• [TASK REQUIREMENTS] In this exercise, the entries below include pictures. Repeat exactly the lines from the line with "- Rodzaj: odpływ" to the line with "Apple включила функцию", including both, but without the pictures.

━━ DATASET RECORDS

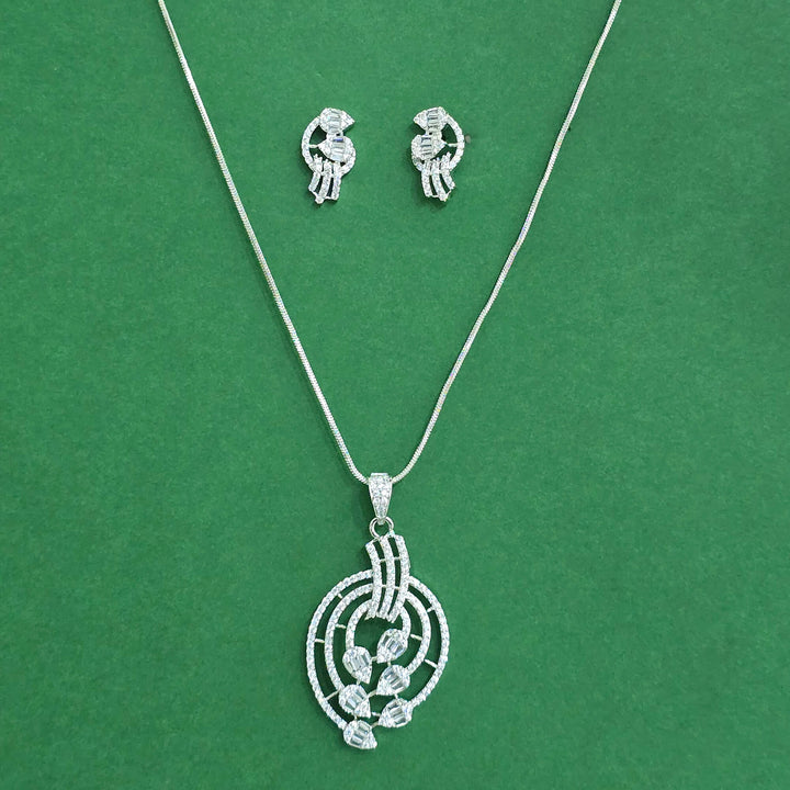 440595 Cz Classic Pendant Set With Rhodium Plating
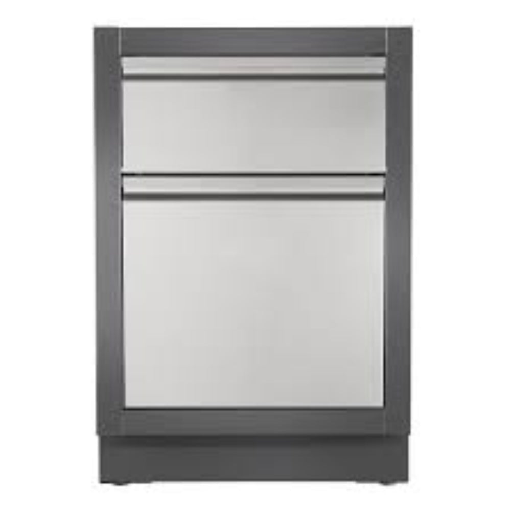 OASIS™ Waste Drawer Cabinet Things can get messy even in the perfect kitchen. Make cleaning up your outdoor kitchen OASIS™ easy with the OASIS™ Waste Drawer Cabinet. Featuring a garbage pull out with a removable waste bin, and a flip down drawer with paper towel holder. This Carbon colored, powder coated, galvanneal cabinet features increased durability from the two-coat pebbling, finishing system and stainless steel door and drawer front. Installation is a breeze with knockouts for gas and electrical. Levelling feet ensure a balanced surface, even if your patio isn't perfectly level. Add this cabinet to the perfect outdoor kitchen OASIS™, along with your choice of grill head and under grill cabinet. *Countertop not included.
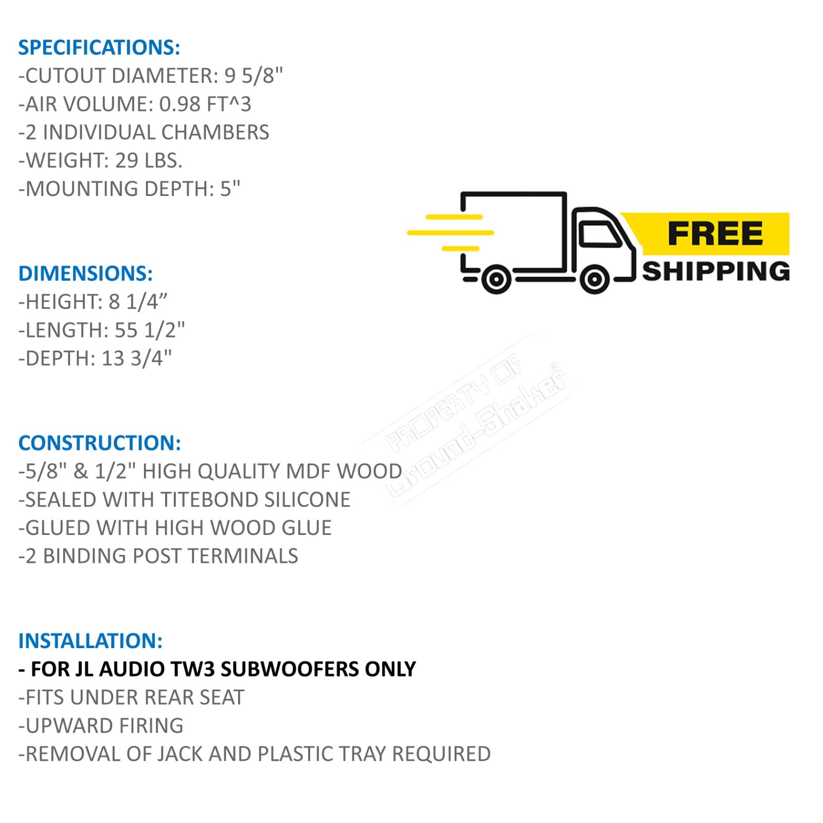2002 - 2018 Dodge Ram Extended Cab 10 Dual Sub Box Subwoofer Enclosure
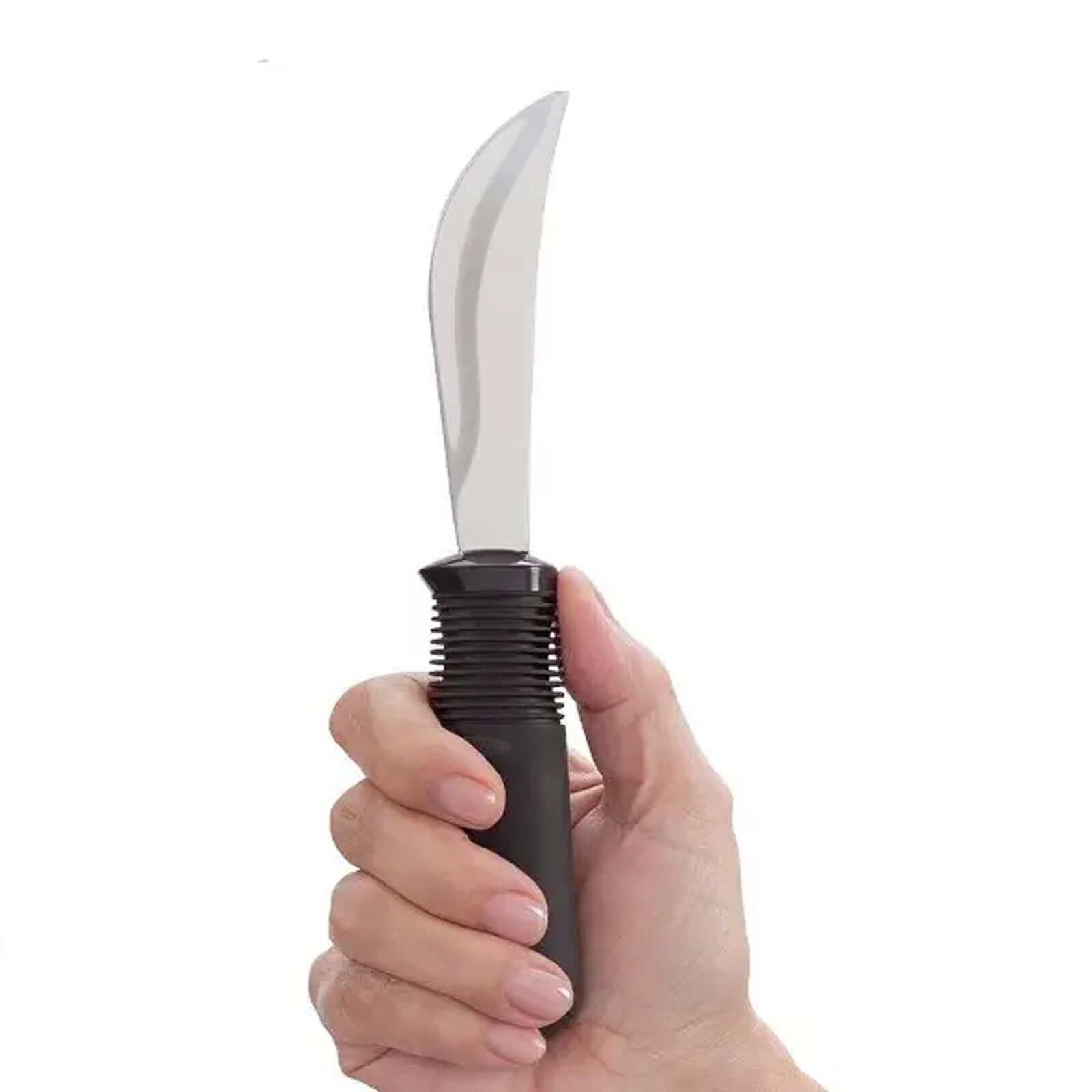 • The large textured rubber handle is helpful for persons with a weak grasp or limited hand coordination
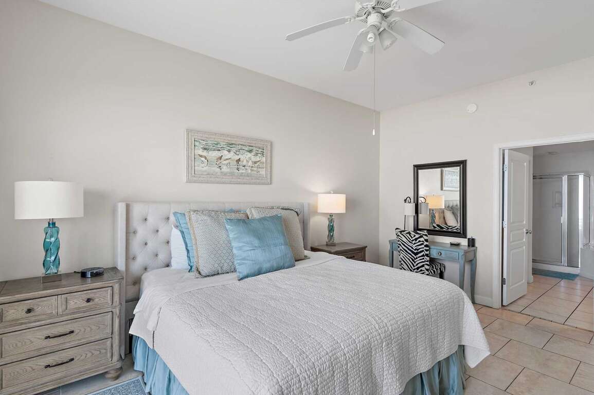-Primary Bedroom 1: King bed, Gulf views, and balcony access.
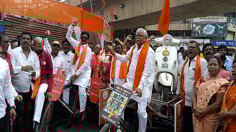 इंधन महागल्याने पेट्रोल, डिझेल वापरणे परवडत नाही दर्शवण्यासाठी माजी नगरसेवक बन्सी गांगवे सायकलीचा हातागाडा करून त्यावर दुचाकी ठेऊन सायकलीने मोर्चात सहभागी झाले होते. तर बाबासाहेब डांगे स्वयंपाकाचा गॅस ९१० रूपये झाल्याचे व त्यावर ‘ क्या हुवा तेरा वादा .....' असा उल्लेख करून गॅसचे दर कमी करण्याच्या आश्वासनाचे काय झाले असा केंद्र सरकारल जाब विचारण्यासाठी चक्क गॅस सिलेंडर घेऊन आले होते.
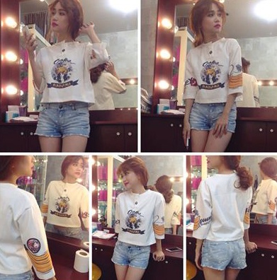 | Gu thời trang của Sĩ Thanh mang đậm nét trẻ trung, hiện đại và bắt kịp xu hướng. Khi xuống phố, cô chuộng những set trang phục thoải mái và phóng khoáng. Trong ảnh là áo thun sọc kẻ, mix cùng quần shorts ngắn và áo khoác lông sành điệu. |
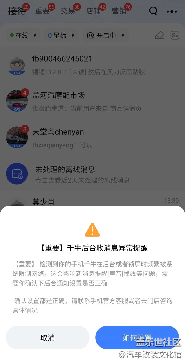 千牛退出后臺時間一長就收不到信息,各種設置都正確,從六月份換的手機,也更新了很多版本,也咨詢過淘寶客服,也沒有能解決問題
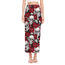 Red Peony Skull Pattern Print Side Slit Maxi Skirt
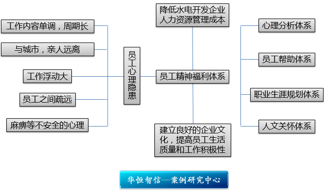 国有大型水电企业构建“员工精神福利体系”大致包括建立心理分析体系、员工帮助(EAP)体系、职业生涯规划体系、人文关怀体系等四个执行体系。
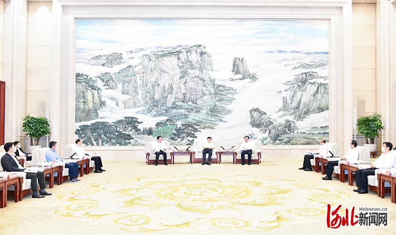 9月16日至18日,十一届全国政协副主席、中国国际跨国公司促进会会长郑万通率队来我省调研。16日下午,省委书记、省人大常委会主任王东峰,省委副书记、省长许勤,省政协主席叶冬松在石家庄与郑万通一行举行座谈。河北日报记者赵威摄
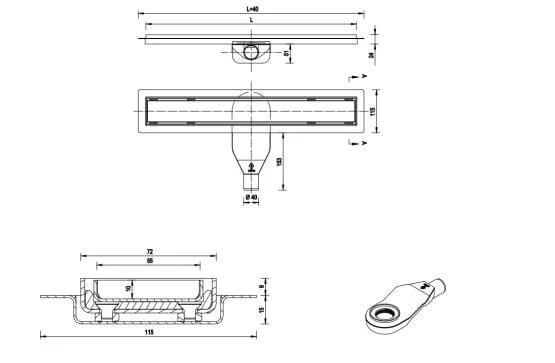 - Rodzaj: odpływ liniowy prysznicowy z rusztem odwracalnym
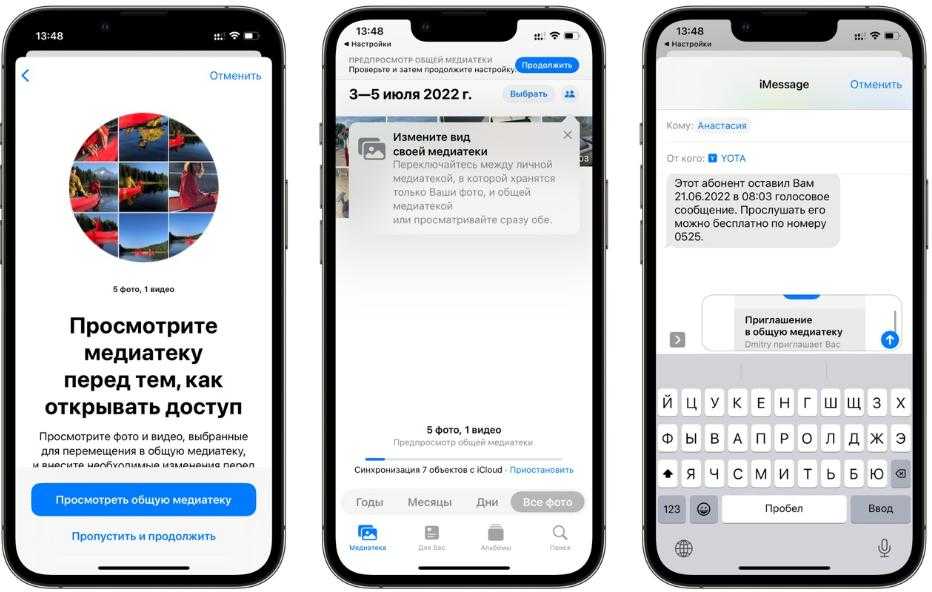 Apple включила функцию «Общая медиатека», которая была представлена на главной презентации WWDC22. Чтобы активировать общую медиатеку, необходимо пройти в Настройки — профиль Apple ID — iCloud — Фото — Медиатека.
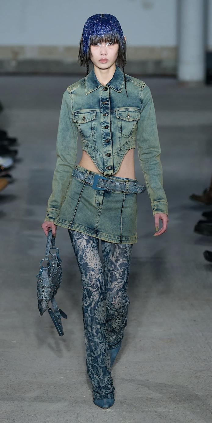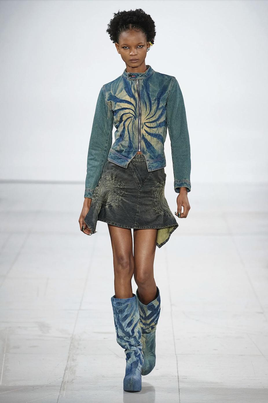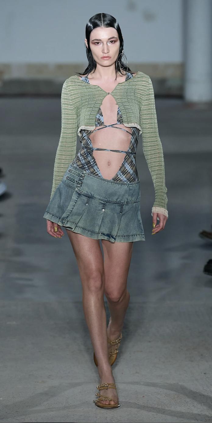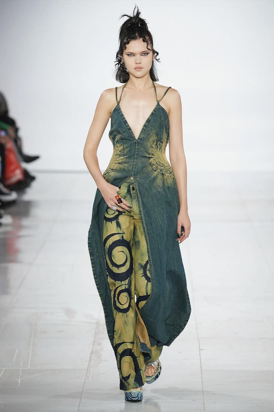 Knwls Spring 2023 Ready-to-Wear镂空元素、废土色调、水洗纹理,满场秀都在弥漫的怀旧色调通过新的角度重新定义 Y2K。不规则裁剪和与众不同的印花长裤形成独特视觉碰撞,带有摇滚感的墨镜和发色也毫不冲突,让人眼前一亮。

━━━━

• [THE ANSWER]
 - Rodzaj: odpływ liniowy prysznicowy z rusztem odwracalnym
 Apple включила функцию «Общая медиатека», которая была представлена на главной презентации WWDC22. Чтобы активировать общую медиатеку, необходимо пройти в Настройки — профиль Apple ID — iCloud — Фото — Медиатека.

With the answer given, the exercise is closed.